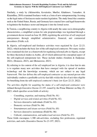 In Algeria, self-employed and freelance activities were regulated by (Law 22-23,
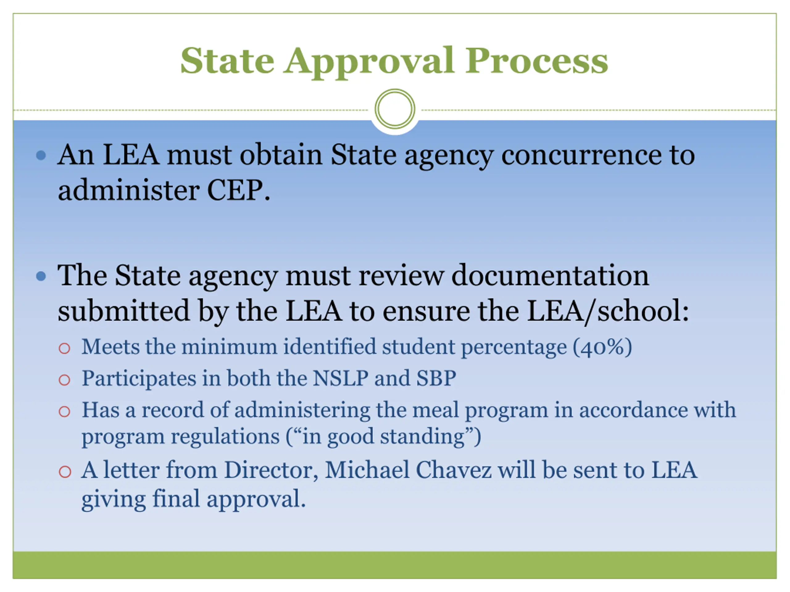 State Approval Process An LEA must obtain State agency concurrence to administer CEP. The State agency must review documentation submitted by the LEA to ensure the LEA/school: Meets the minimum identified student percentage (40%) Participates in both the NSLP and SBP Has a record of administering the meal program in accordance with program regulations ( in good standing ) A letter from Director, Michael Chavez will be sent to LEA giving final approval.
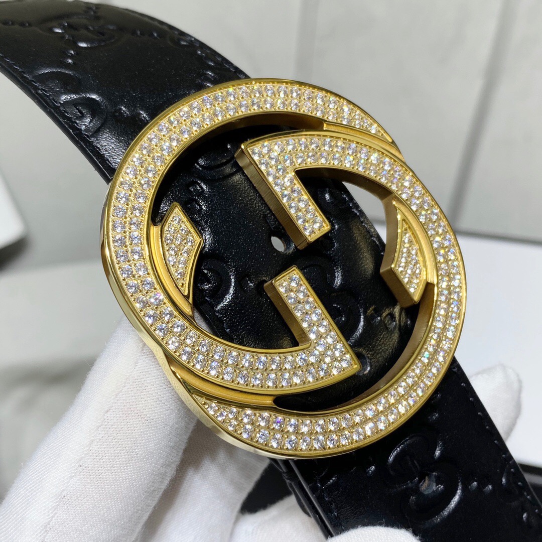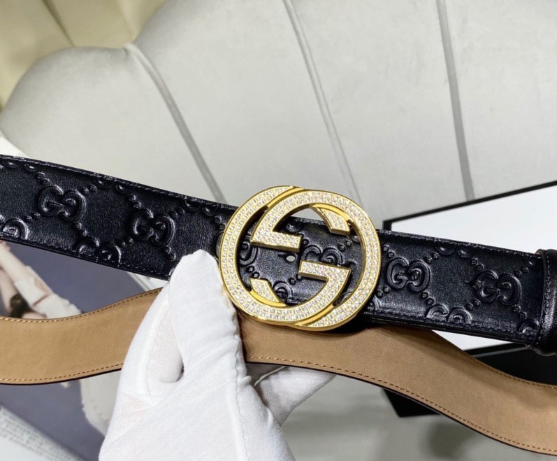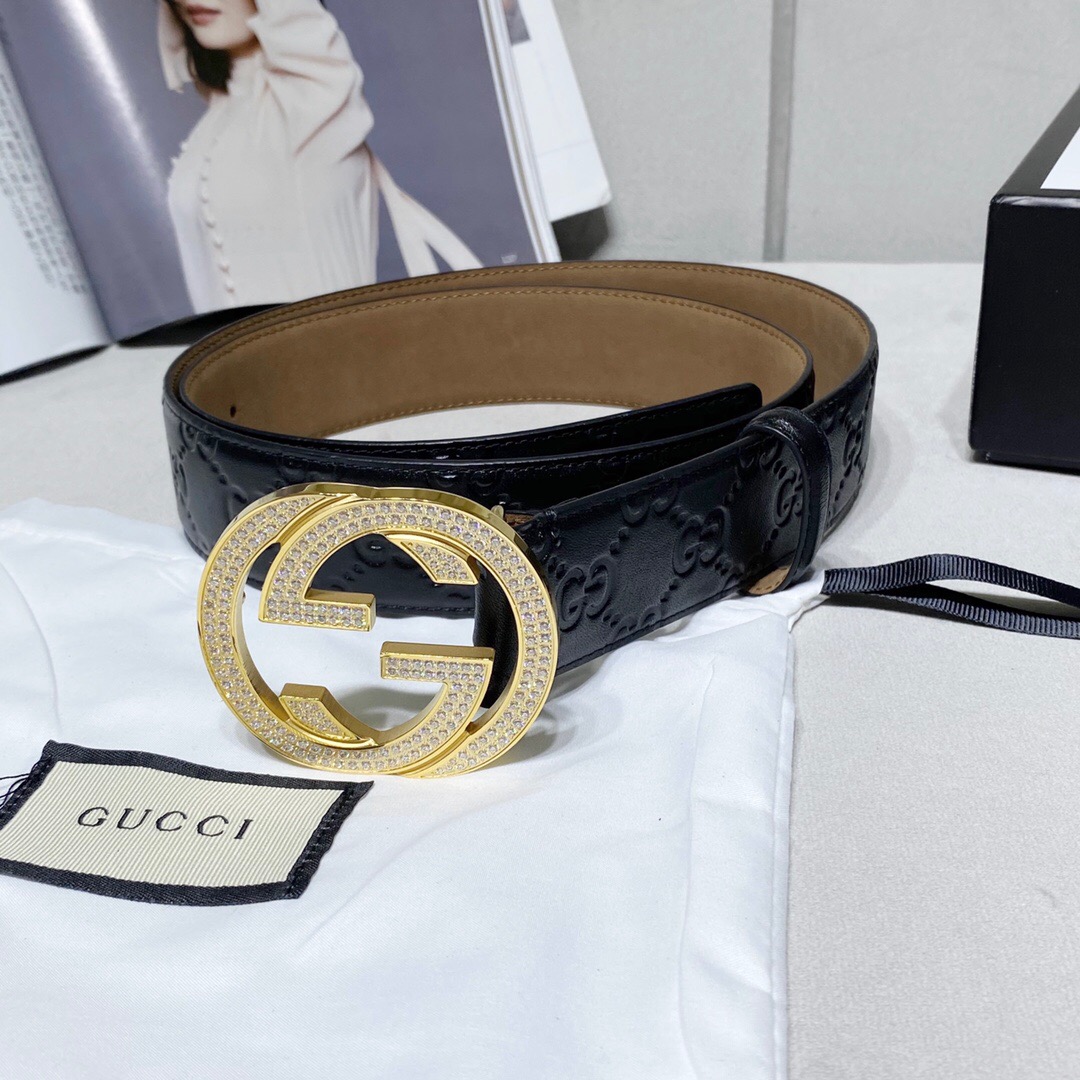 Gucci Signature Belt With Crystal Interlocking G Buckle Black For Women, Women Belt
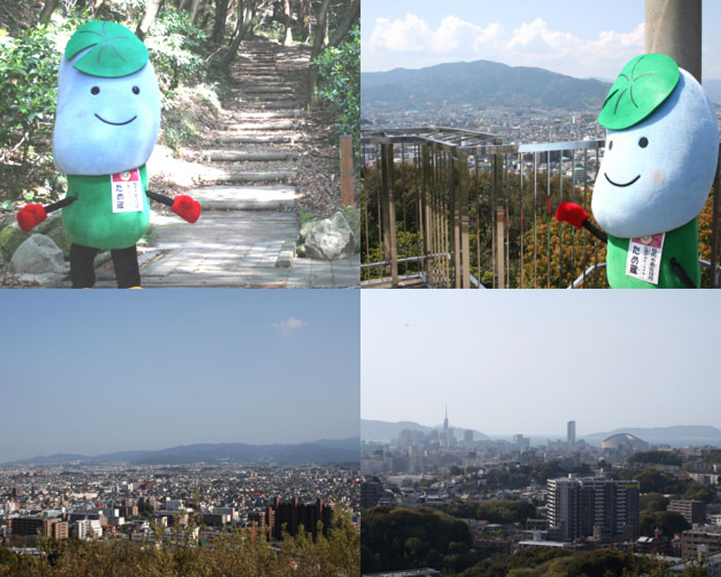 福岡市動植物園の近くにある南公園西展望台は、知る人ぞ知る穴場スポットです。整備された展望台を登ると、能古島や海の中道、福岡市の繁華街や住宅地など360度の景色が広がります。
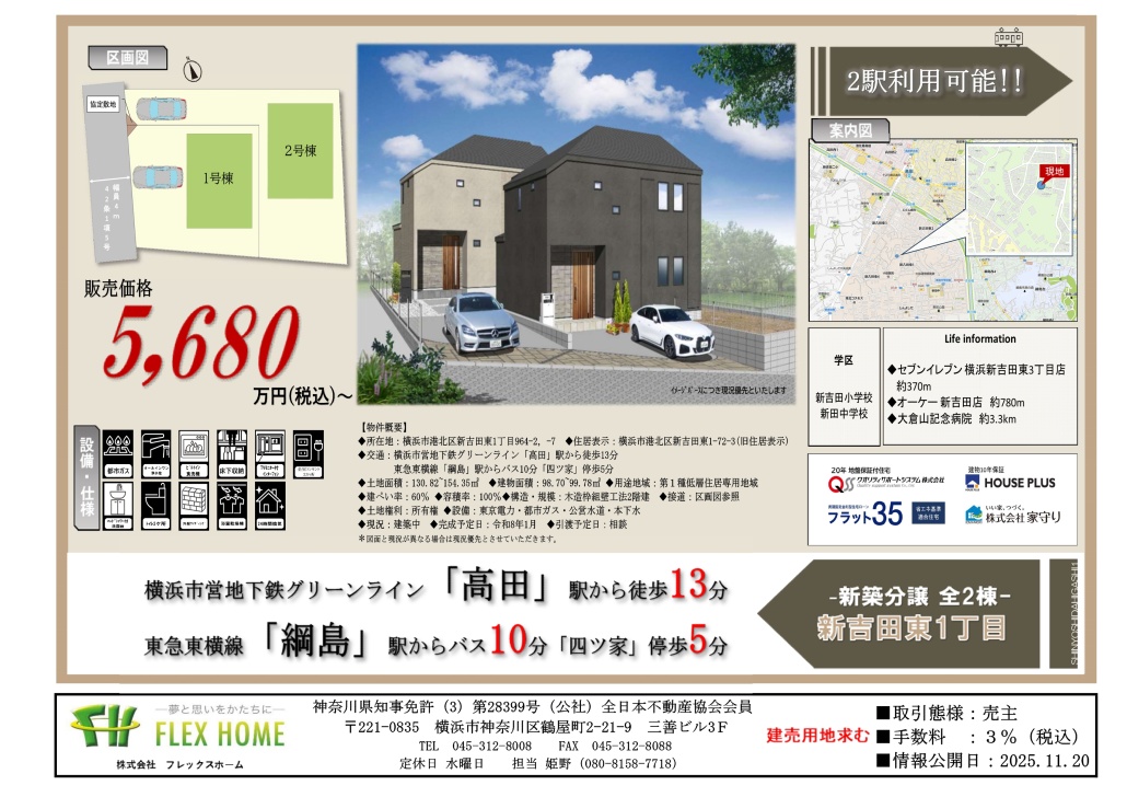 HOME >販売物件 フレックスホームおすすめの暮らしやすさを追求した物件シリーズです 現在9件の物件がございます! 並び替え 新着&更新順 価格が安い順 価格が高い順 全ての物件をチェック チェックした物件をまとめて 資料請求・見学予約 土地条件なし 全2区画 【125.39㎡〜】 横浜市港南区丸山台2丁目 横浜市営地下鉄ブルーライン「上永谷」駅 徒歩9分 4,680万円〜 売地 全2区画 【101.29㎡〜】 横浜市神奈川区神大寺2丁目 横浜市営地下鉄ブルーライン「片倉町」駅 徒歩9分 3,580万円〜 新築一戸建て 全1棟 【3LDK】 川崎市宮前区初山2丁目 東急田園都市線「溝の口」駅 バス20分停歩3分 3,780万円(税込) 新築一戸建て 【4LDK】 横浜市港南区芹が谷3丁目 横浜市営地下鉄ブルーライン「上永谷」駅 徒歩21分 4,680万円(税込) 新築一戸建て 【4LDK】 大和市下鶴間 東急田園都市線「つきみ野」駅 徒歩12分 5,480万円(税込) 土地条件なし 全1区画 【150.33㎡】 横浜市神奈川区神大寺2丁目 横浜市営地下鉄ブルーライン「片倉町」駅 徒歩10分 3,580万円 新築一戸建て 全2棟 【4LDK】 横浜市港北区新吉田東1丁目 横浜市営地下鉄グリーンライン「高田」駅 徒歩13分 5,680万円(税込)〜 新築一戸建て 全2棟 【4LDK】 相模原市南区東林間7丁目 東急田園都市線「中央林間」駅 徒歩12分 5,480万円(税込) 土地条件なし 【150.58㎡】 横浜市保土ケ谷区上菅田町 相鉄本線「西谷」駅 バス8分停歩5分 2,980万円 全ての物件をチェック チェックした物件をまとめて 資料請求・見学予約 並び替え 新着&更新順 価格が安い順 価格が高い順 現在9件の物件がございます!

--

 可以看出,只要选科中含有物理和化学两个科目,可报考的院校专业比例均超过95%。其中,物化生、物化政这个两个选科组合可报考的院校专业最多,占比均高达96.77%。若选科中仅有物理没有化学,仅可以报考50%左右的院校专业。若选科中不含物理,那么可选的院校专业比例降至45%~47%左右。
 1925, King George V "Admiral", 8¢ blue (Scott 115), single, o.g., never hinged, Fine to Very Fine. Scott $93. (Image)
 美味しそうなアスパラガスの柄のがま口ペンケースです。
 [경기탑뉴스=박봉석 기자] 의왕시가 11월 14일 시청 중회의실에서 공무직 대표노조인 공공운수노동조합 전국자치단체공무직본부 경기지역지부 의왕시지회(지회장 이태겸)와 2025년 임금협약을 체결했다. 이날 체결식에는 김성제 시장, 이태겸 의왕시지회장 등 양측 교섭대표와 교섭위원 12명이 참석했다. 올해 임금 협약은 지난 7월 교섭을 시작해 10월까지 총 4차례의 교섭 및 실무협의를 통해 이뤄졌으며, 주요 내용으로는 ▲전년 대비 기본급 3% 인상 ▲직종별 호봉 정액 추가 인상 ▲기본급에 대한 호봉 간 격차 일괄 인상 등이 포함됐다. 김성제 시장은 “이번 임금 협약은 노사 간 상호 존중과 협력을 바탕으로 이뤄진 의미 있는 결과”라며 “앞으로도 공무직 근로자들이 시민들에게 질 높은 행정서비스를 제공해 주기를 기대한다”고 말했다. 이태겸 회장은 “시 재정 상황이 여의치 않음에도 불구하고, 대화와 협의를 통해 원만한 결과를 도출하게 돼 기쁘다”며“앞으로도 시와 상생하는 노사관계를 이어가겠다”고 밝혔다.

---

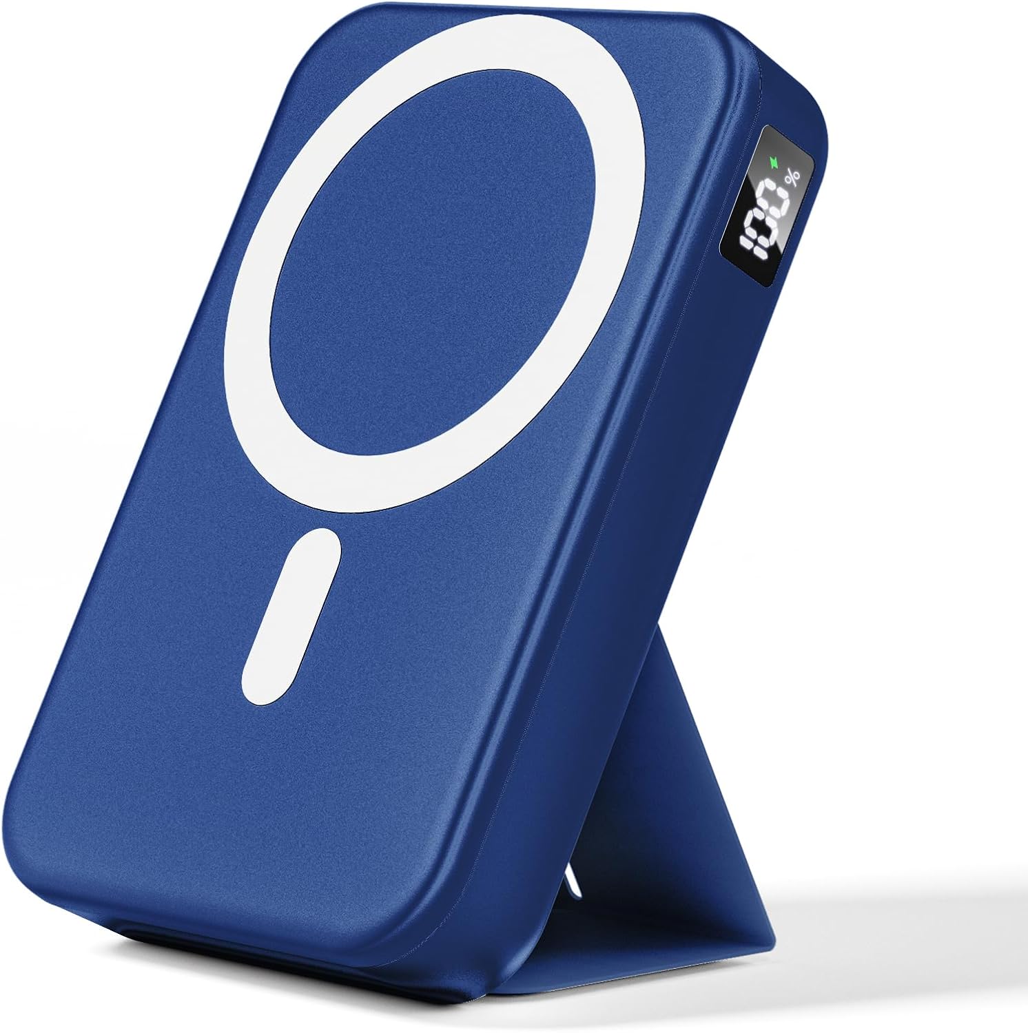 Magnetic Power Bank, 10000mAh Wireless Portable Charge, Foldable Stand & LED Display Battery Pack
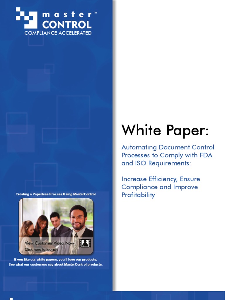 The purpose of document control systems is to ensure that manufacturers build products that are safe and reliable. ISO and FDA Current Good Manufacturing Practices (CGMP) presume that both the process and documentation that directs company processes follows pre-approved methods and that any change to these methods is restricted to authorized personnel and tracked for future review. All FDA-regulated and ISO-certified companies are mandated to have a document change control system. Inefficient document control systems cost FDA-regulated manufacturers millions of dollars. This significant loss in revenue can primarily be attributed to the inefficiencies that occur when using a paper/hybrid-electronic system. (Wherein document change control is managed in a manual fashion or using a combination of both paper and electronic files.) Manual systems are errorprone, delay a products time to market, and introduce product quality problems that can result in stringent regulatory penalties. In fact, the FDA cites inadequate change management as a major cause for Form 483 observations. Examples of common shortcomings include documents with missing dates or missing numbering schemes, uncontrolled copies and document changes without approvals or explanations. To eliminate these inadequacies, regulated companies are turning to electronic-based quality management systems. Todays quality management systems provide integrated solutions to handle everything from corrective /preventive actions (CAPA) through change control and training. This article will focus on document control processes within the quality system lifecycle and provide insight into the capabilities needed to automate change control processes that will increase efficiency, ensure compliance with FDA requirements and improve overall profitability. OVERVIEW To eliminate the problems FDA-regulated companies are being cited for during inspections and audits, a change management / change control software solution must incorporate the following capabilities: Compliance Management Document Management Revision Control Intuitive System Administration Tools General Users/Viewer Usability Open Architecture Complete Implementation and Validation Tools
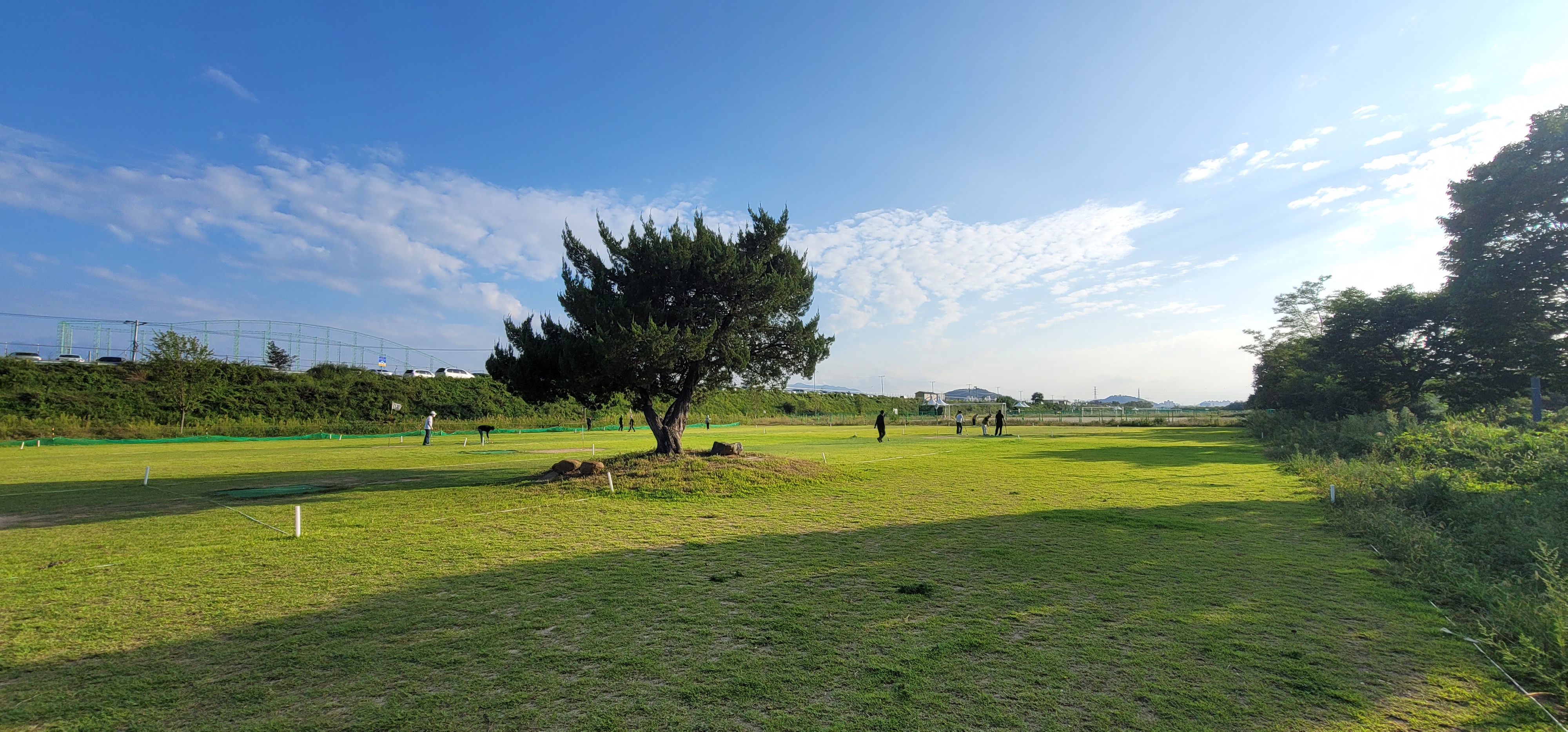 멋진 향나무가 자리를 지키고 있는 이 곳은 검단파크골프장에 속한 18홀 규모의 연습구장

→ **ACTIVITY**
Out of the records above, return only the lines from the one with "In Algeria, self-employed" through the one with "福岡市動植物園の近くにある南", exactly, and none of the pictures.

→ **PROBLEM SOLUTION**
 In Algeria, self-employed and freelance activities were regulated by (Law 22-23,
 State Approval Process An LEA must obtain State agency concurrence to administer CEP. The State agency must review documentation submitted by the LEA to ensure the LEA/school: Meets the minimum identified student percentage (40%) Participates in both the NSLP and SBP Has a record of administering the meal program in accordance with program regulations ( in good standing ) A letter from Director, Michael Chavez will be sent to LEA giving final approval.
 Gucci Signature Belt With Crystal Interlocking G Buckle Black For Women, Women Belt
 福岡市動植物園の近くにある南公園西展望台は、知る人ぞ知る穴場スポットです。整備された展望台を登ると、能古島や海の中道、福岡市の繁華街や住宅地など360度の景色が広がります。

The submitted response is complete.